[Exercise]: If an entry contains a picture, omit that picture and transcribe everything else exactly.

[Data section]:

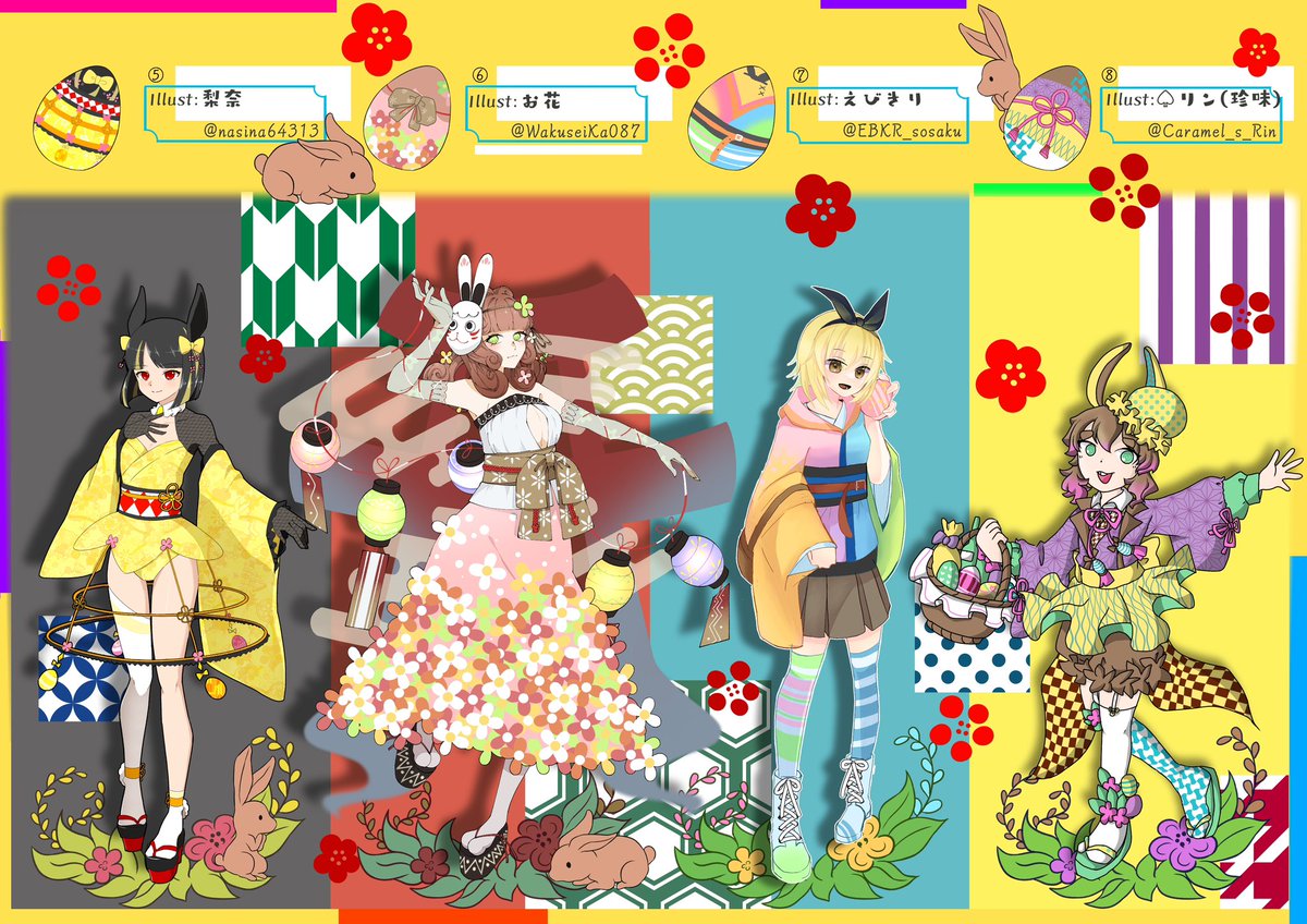 #誰のキャラデザだゲーム テーマは【和風×イースター】 梨沙さん主催の企画に参加させていただきました!初✨誰デザ参加なのでワクワクしながら描きました☺️🌸 お花のイラスト▶︎⑥ お花のデザイン▶︎どれでしょうか! リプ欄に繋げますので、ぜひ投票頂けますと幸いです。
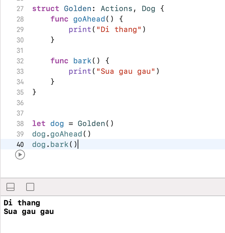 Ngoài ra, chúng ta cũng có thể thêm các function khác cho protocol (Additional functionality) để các class/struct/enum mà đang adopt nó đều có thể sử dụng được. Ở extensions Dog phía trên, mình sẽ thêm 1 func nữa:
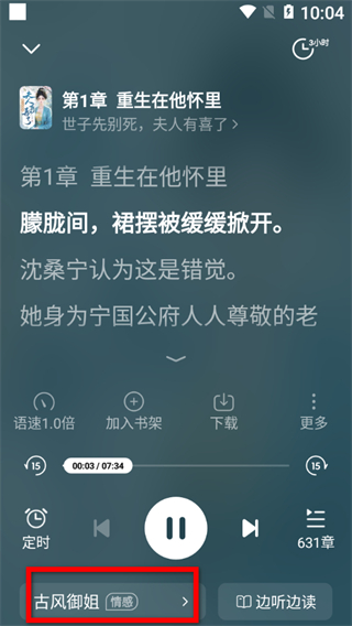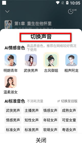 3、在聽書界面,點擊古風(fēng)御姐選項,彈出切換聲音列表。
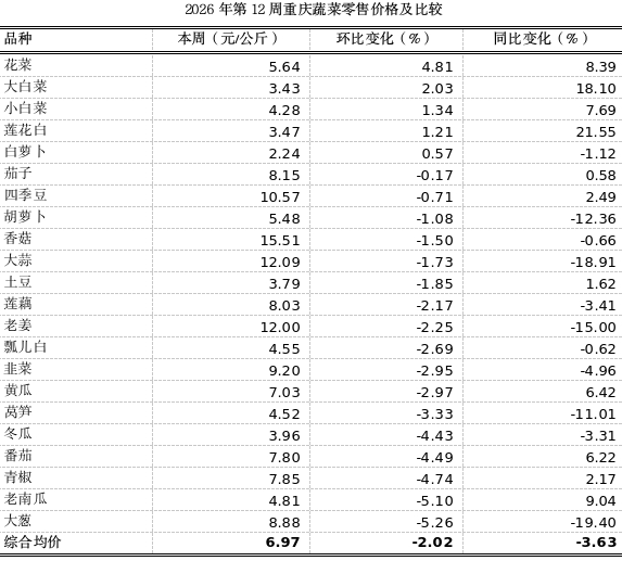 第12周重庆市各区县农贸市场22个蔬菜监测品种零售均价6.97元,环比略跌2.02%,同比略跌3.63%。分品类看2涨11跌9平稳。其中,大葱、老南瓜环比分别下跌5.26%、5.10%;花菜环比上涨4.81%。其余蔬菜价格波动较小。
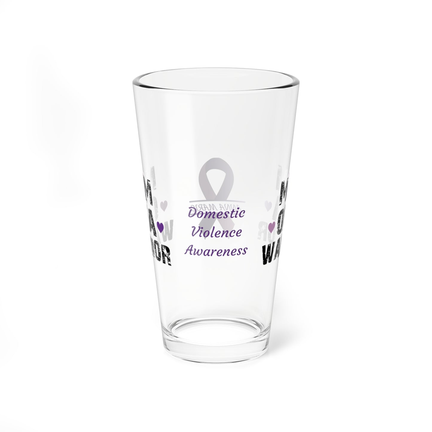 Custom Domestic Violence Awareness Pint Glass - Mom of a Warrior, Empowerment & Courage
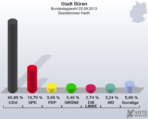 Stadt Büren, Bundestagswahl 22.09.2013, Zweitstimmen Harth: CDU: 60,85 %. SPD: 19,70 %. FDP: 3,99 %. GRÜNE: 3,49 %. DIE LINKE: 2,74 %. AfD: 3,24 %. Sonstige: 5,99 %. http://www.votemanager.de
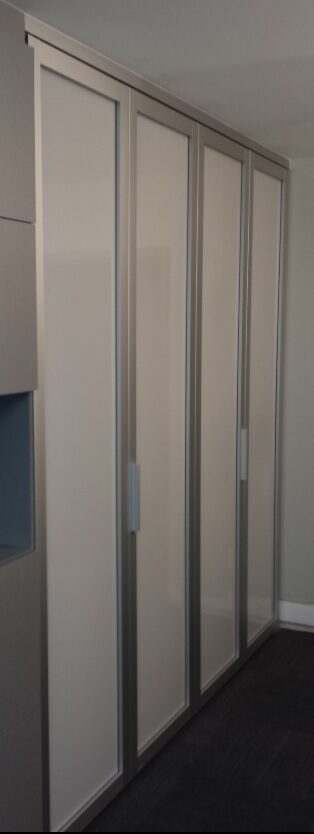 Les portes pliantes sont principalement utilisées pour le placard ou la penderie lorsque l’espace restreint ne permet par le débattement d’une porte battante ou l’utilisation de portes coulissantes.

[Solved exercise]:
 #誰のキャラデザだゲーム テーマは【和風×イースター】 梨沙さん主催の企画に参加させていただきました!初✨誰デザ参加なのでワクワクしながら描きました☺️🌸 お花のイラスト▶︎⑥ お花のデザイン▶︎どれでしょうか! リプ欄に繋げますので、ぜひ投票頂けますと幸いです。
 Ngoài ra, chúng ta cũng có thể thêm các function khác cho protocol (Additional functionality) để các class/struct/enum mà đang adopt nó đều có thể sử dụng được. Ở extensions Dog phía trên, mình sẽ thêm 1 func nữa:
 3、在聽書界面,點擊古風(fēng)御姐選項,彈出切換聲音列表。
 第12周重庆市各区县农贸市场22个蔬菜监测品种零售均价6.97元,环比略跌2.02%,同比略跌3.63%。分品类看2涨11跌9平稳。其中,大葱、老南瓜环比分别下跌5.26%、5.10%;花菜环比上涨4.81%。其余蔬菜价格波动较小。
 Custom Domestic Violence Awareness Pint Glass - Mom of a Warrior, Empowerment & Courage
 Stadt Büren, Bundestagswahl 22.09.2013, Zweitstimmen Harth: CDU: 60,85 %. SPD: 19,70 %. FDP: 3,99 %. GRÜNE: 3,49 %. DIE LINKE: 2,74 %. AfD: 3,24 %. Sonstige: 5,99 %. http://www.votemanager.de
 Les portes pliantes sont principalement utilisées pour le placard ou la penderie lorsque l’espace restreint ne permet par le débattement d’une porte battante ou l’utilisation de portes coulissantes.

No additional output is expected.